Task details
Among the lines below, output only those between the line holding "The A910-HCM mount" and the line holding "Women's Smocked Floral Clip Dot Top - 76551", inclusive, exactly as written and with no pictures.

Source material

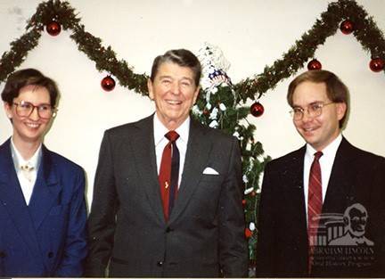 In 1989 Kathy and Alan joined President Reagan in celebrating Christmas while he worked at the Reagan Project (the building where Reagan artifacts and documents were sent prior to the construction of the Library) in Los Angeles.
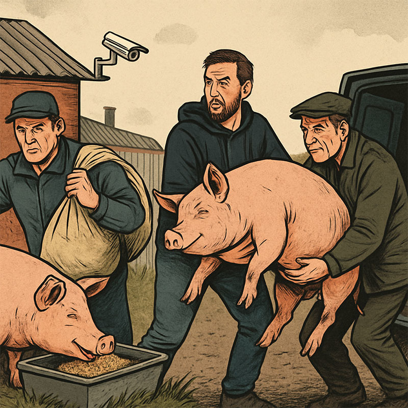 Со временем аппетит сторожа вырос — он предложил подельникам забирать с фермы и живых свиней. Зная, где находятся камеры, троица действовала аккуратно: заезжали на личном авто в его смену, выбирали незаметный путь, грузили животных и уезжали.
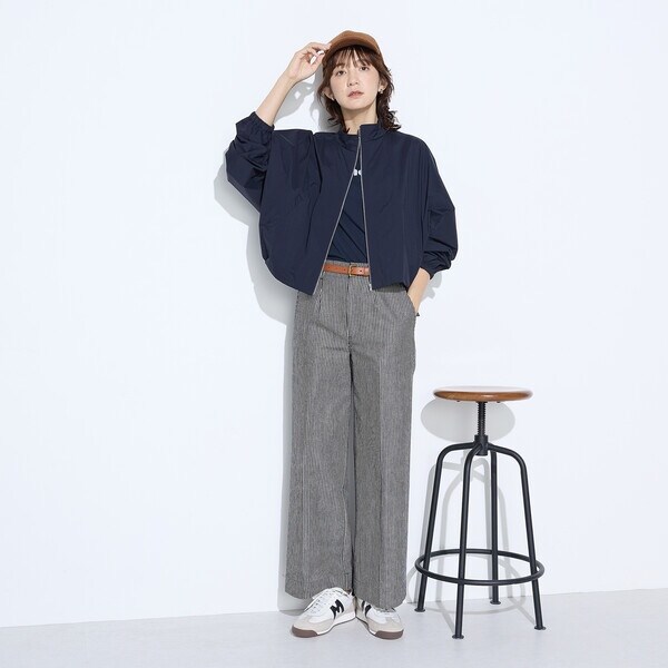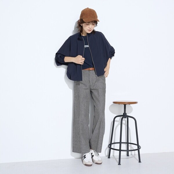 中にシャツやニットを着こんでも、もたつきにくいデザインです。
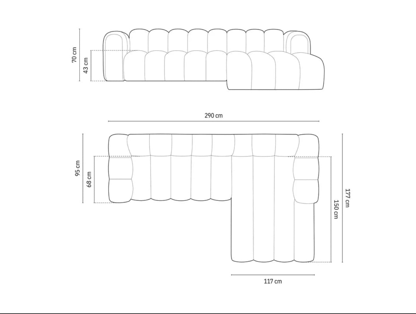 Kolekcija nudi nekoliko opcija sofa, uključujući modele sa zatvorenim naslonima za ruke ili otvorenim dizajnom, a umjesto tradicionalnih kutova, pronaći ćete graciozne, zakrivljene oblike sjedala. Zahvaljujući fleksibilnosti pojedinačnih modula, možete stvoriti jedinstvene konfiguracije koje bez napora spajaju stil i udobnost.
--
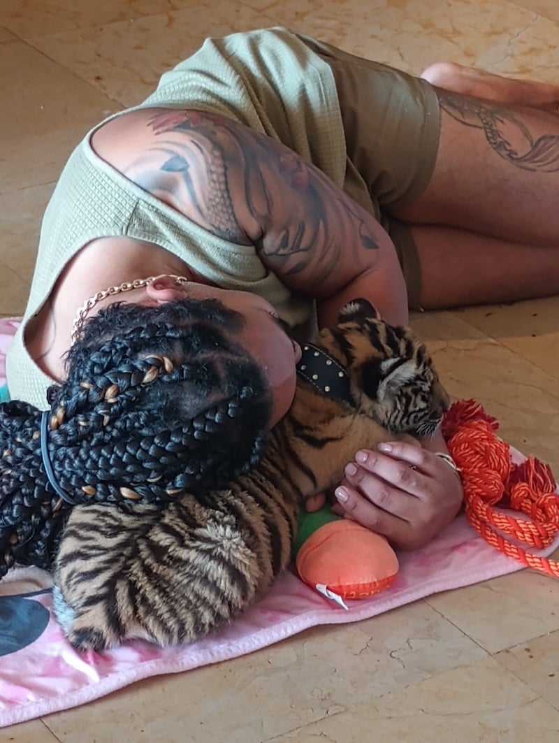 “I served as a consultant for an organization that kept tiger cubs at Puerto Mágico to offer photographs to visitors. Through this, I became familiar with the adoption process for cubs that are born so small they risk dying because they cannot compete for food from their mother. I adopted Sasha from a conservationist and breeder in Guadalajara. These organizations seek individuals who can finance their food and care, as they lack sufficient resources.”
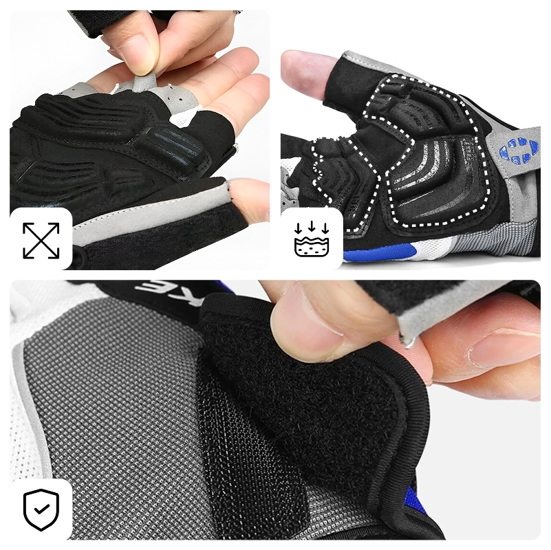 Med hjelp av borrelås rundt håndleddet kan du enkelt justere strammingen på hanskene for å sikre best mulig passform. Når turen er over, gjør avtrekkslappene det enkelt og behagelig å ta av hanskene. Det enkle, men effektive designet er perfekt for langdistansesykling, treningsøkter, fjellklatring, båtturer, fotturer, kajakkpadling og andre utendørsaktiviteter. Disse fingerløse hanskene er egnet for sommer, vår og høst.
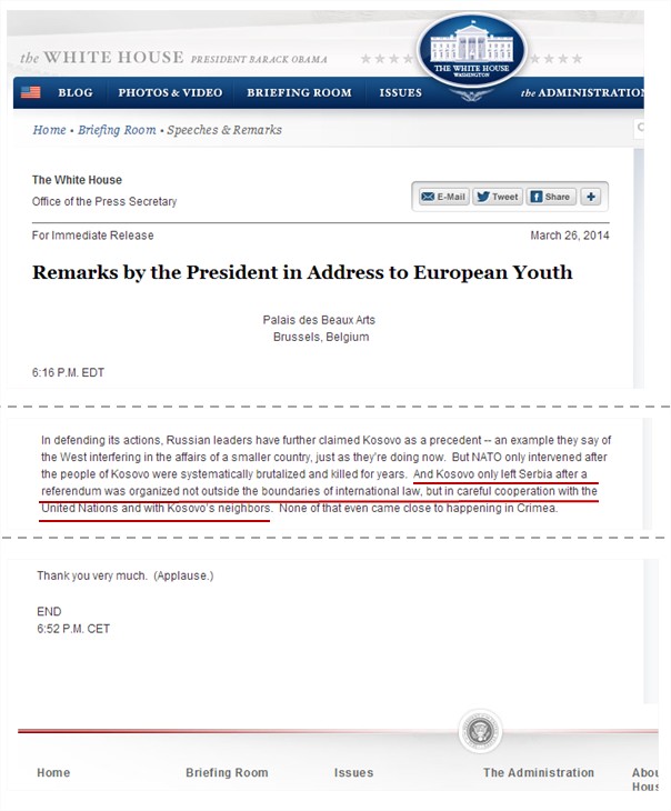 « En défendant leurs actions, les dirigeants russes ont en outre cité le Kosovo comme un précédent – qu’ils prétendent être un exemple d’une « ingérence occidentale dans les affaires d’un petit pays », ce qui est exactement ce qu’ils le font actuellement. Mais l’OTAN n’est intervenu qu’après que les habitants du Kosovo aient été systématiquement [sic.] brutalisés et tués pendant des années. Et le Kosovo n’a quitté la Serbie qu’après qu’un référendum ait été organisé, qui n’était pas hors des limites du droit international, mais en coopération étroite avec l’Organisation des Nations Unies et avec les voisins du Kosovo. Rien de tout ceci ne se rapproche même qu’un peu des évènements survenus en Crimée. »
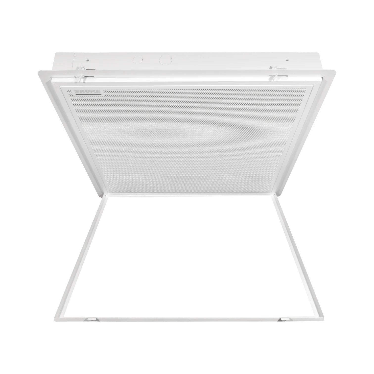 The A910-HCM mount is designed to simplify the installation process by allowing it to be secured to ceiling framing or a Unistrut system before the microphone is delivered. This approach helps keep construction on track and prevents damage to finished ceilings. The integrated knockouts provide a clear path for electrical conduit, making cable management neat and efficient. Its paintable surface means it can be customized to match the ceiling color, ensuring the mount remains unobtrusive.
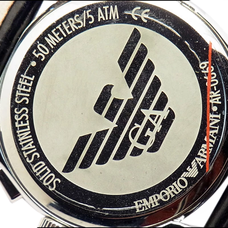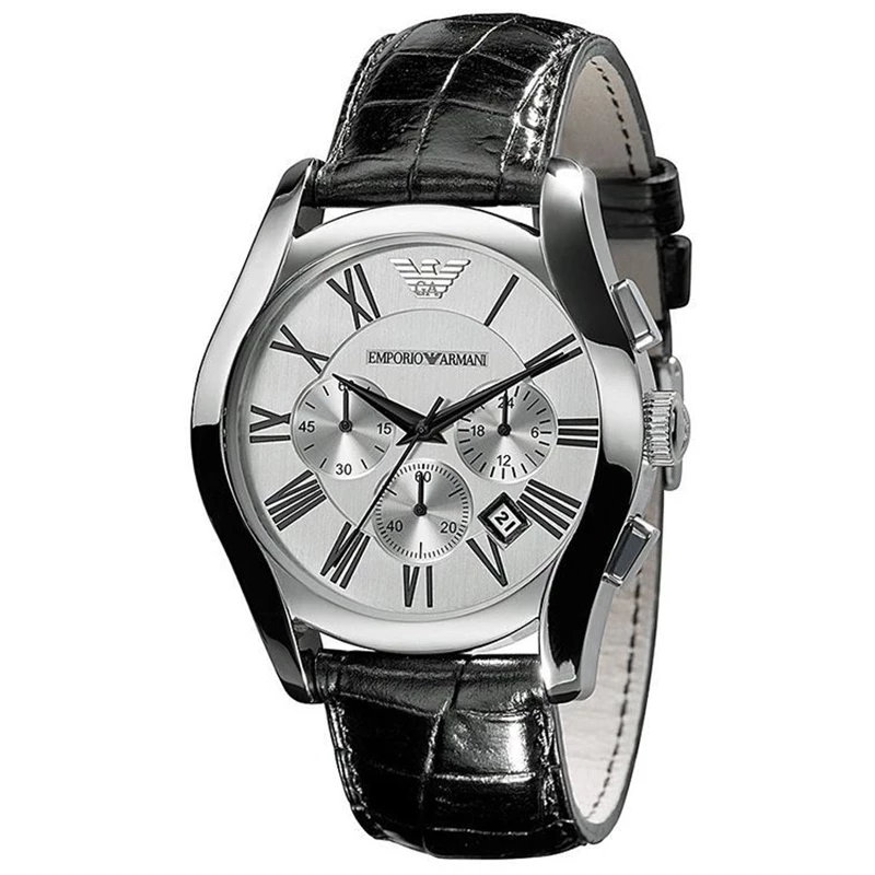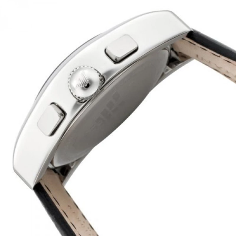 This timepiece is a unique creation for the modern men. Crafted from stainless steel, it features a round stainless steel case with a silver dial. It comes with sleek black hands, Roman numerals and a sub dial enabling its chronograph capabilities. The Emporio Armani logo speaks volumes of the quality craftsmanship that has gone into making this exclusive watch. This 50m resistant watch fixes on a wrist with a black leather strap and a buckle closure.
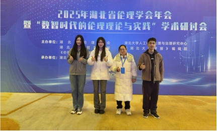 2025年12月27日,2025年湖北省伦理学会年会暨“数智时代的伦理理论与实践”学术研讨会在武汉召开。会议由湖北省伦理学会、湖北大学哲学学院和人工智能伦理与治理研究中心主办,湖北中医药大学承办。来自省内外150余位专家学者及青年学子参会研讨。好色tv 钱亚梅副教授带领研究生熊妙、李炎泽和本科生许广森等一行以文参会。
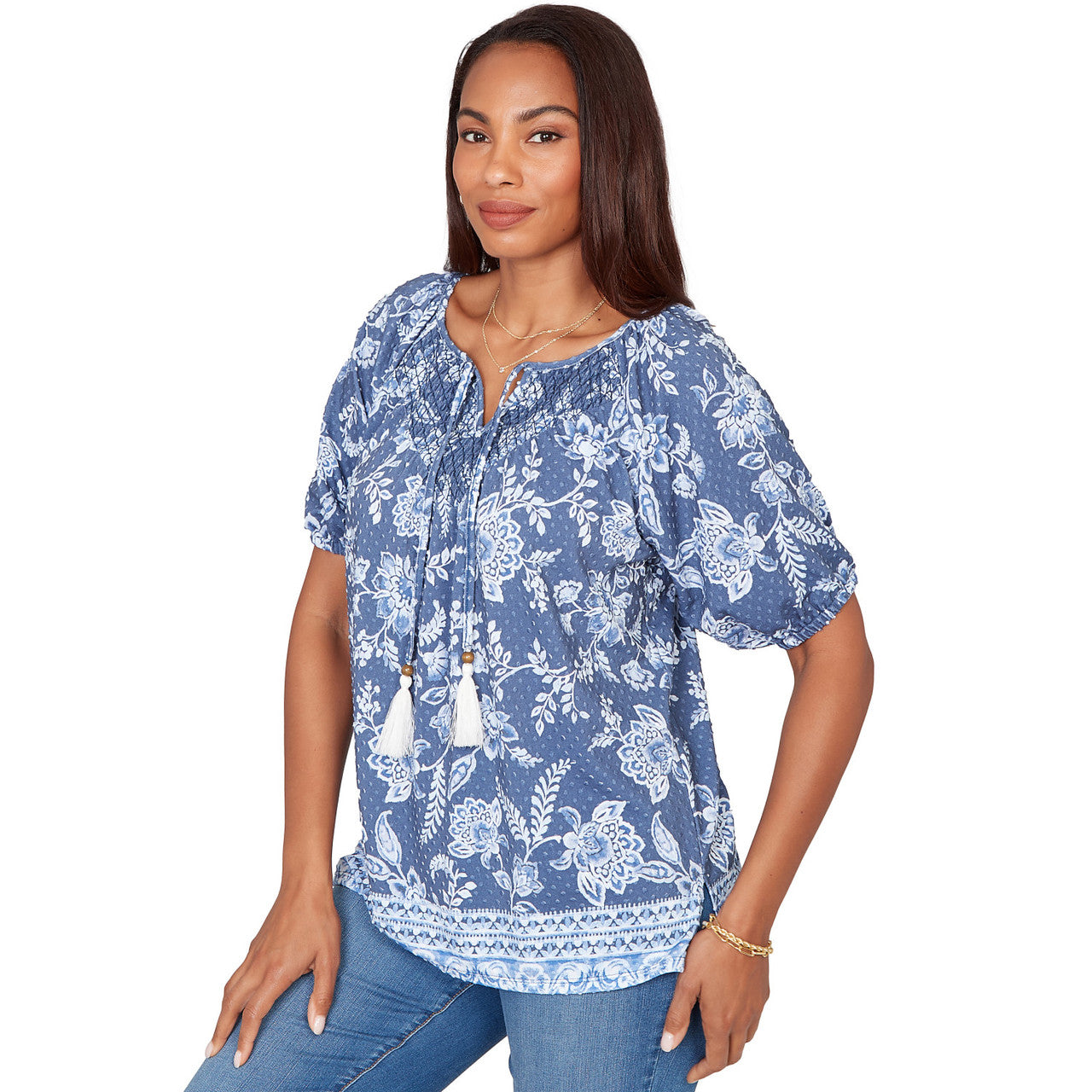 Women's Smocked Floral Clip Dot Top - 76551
* * *
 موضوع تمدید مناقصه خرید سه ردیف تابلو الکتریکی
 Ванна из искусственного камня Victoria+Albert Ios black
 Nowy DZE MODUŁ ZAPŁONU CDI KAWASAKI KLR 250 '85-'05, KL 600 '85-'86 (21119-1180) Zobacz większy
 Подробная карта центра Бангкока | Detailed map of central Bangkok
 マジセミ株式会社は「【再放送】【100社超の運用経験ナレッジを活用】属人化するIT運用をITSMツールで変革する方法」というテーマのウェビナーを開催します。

Result of this task
 The A910-HCM mount is designed to simplify the installation process by allowing it to be secured to ceiling framing or a Unistrut system before the microphone is delivered. This approach helps keep construction on track and prevents damage to finished ceilings. The integrated knockouts provide a clear path for electrical conduit, making cable management neat and efficient. Its paintable surface means it can be customized to match the ceiling color, ensuring the mount remains unobtrusive.
 This timepiece is a unique creation for the modern men. Crafted from stainless steel, it features a round stainless steel case with a silver dial. It comes with sleek black hands, Roman numerals and a sub dial enabling its chronograph capabilities. The Emporio Armani logo speaks volumes of the quality craftsmanship that has gone into making this exclusive watch. This 50m resistant watch fixes on a wrist with a black leather strap and a buckle closure.
 2025年12月27日,2025年湖北省伦理学会年会暨“数智时代的伦理理论与实践”学术研讨会在武汉召开。会议由湖北省伦理学会、湖北大学哲学学院和人工智能伦理与治理研究中心主办,湖北中医药大学承办。来自省内外150余位专家学者及青年学子参会研讨。好色tv 钱亚梅副教授带领研究生熊妙、李炎泽和本科生许广森等一行以文参会。
 Women's Smocked Floral Clip Dot Top - 76551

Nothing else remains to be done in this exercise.